> **ACTIVITY**: Retype the data below exactly; skip every image.

> **DATA SHOWN**:

------------

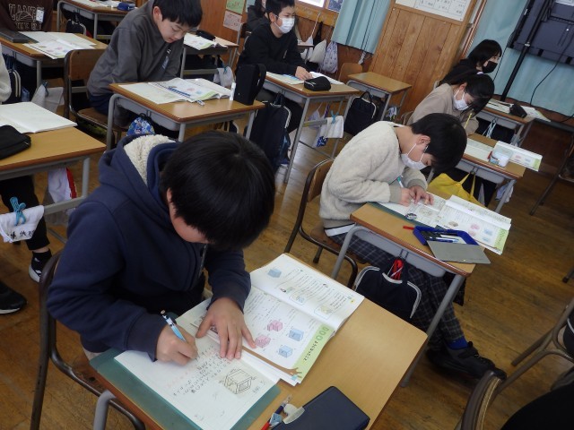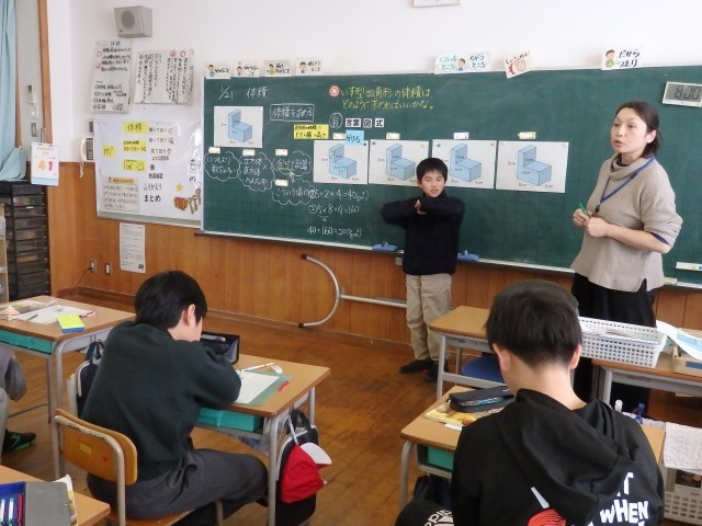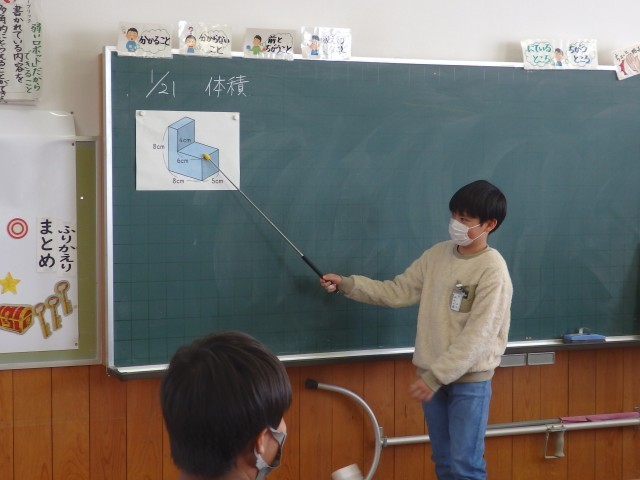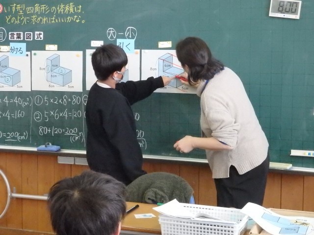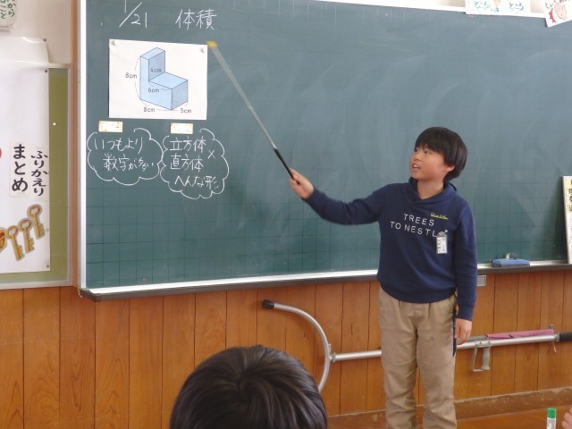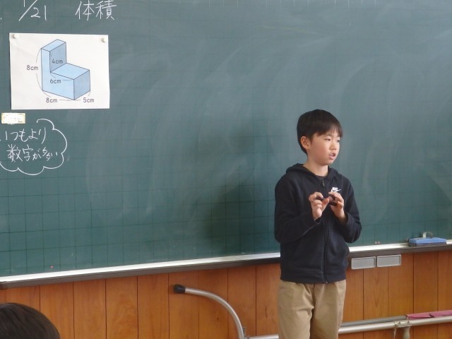 5年生の4時間目は算数の授業でした。他校の先生や市の指導主事が参観しての授業でした。「体積」の学習です。イスの形をした図形の体積はどうやって求めたらいいか考えました。先生がイスの形の図を示すと「やっときた!」とやる気満々の声を出した子がいました。イス型を2つに分けたり、1つの直方体になるように足りない部分を補ったり、2つのイスを重ねたりして体積を求めました。また、発表する子だけでなく、「縦、横、高さ」やその計算をまだ発言していない他の子に答えてもらうなど多くの子どもたちが発言する授業でした。
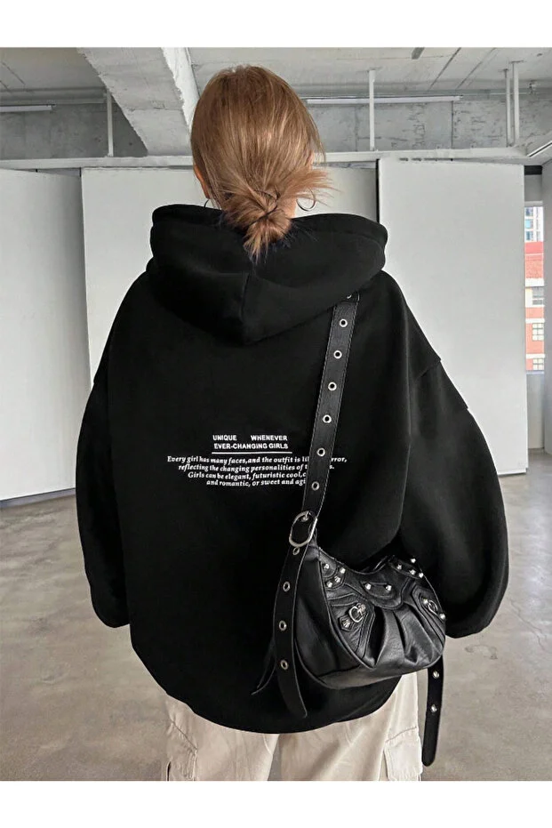 سويت شيرت شتوي واسع بغطاء رأس مطبوع عليه نجمة سوداء وحجر، مصنوع من القطن بنسبة 100%، بثلاثة خيوط.
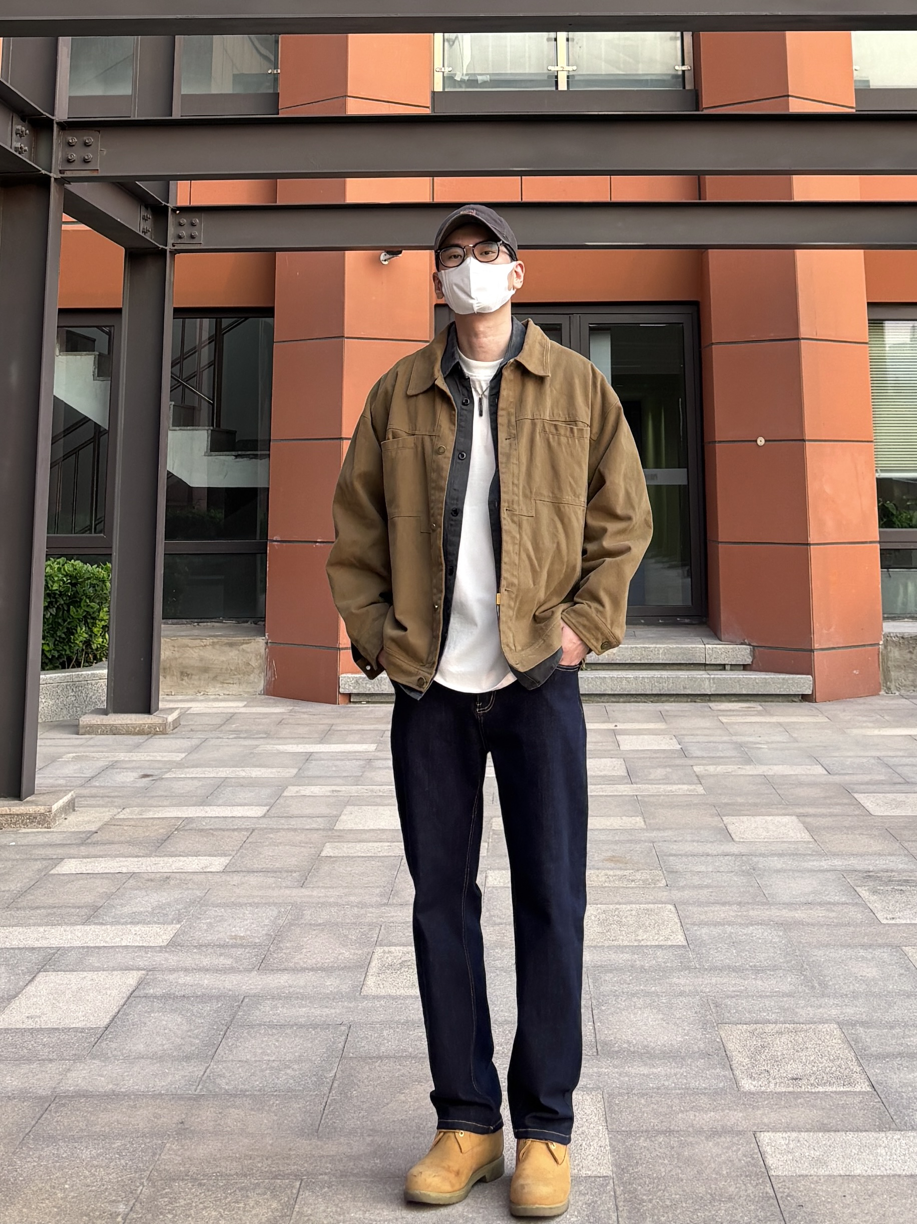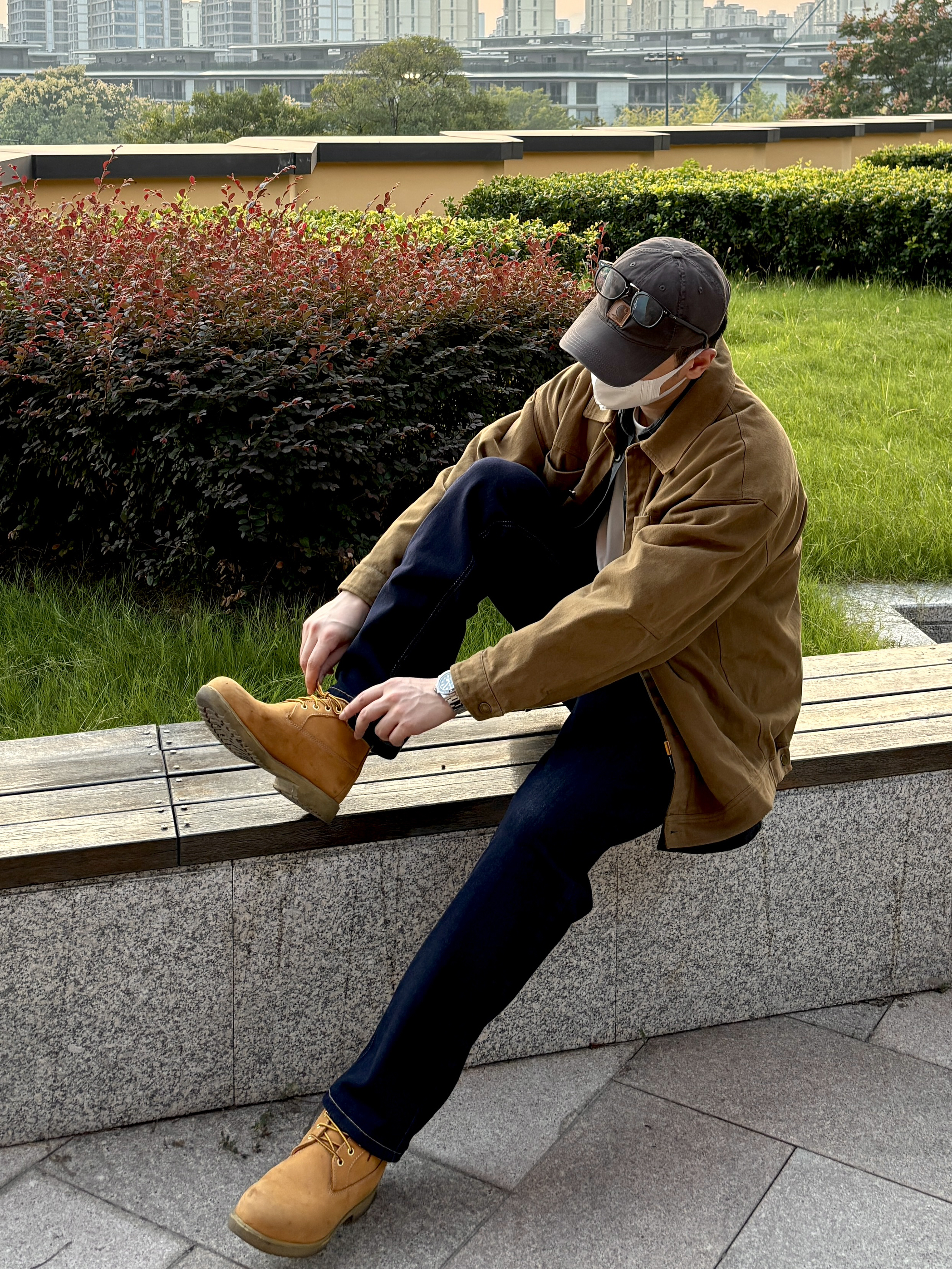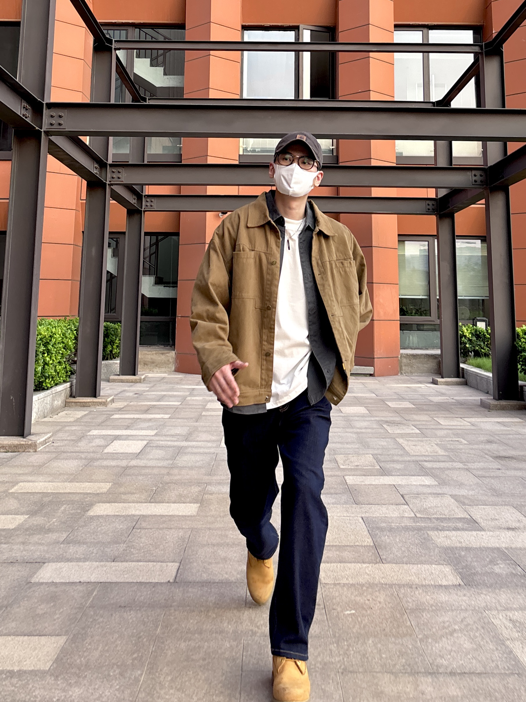 今天上身灰色工装衬衫搭配卡其色工装夹克,搭配原色水洗牛仔裤,主打一个硬帅。 - 今日搭配 衣服裤子都来自:NICE LILI 鞋子:timberland
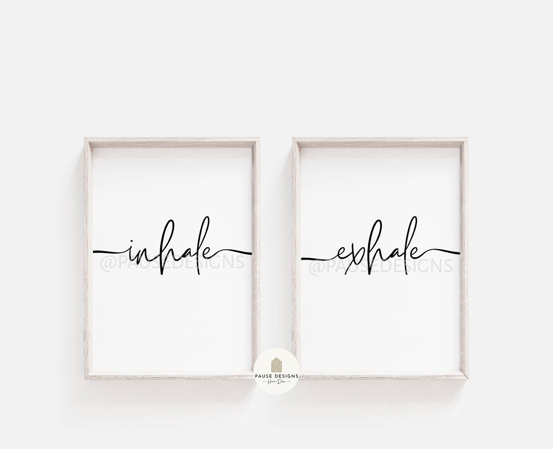 Inhale, Exhale Set of 2 Typography Wall Art Prints | Unframed Prints

------------

> **EXPECTED OUTPUT**:
 5年生の4時間目は算数の授業でした。他校の先生や市の指導主事が参観しての授業でした。「体積」の学習です。イスの形をした図形の体積はどうやって求めたらいいか考えました。先生がイスの形の図を示すと「やっときた!」とやる気満々の声を出した子がいました。イス型を2つに分けたり、1つの直方体になるように足りない部分を補ったり、2つのイスを重ねたりして体積を求めました。また、発表する子だけでなく、「縦、横、高さ」やその計算をまだ発言していない他の子に答えてもらうなど多くの子どもたちが発言する授業でした。
 سويت شيرت شتوي واسع بغطاء رأس مطبوع عليه نجمة سوداء وحجر، مصنوع من القطن بنسبة 100%، بثلاثة خيوط.
 今天上身灰色工装衬衫搭配卡其色工装夹克,搭配原色水洗牛仔裤,主打一个硬帅。 - 今日搭配 衣服裤子都来自:NICE LILI 鞋子:timberland
 Inhale, Exhale Set of 2 Typography Wall Art Prints | Unframed Prints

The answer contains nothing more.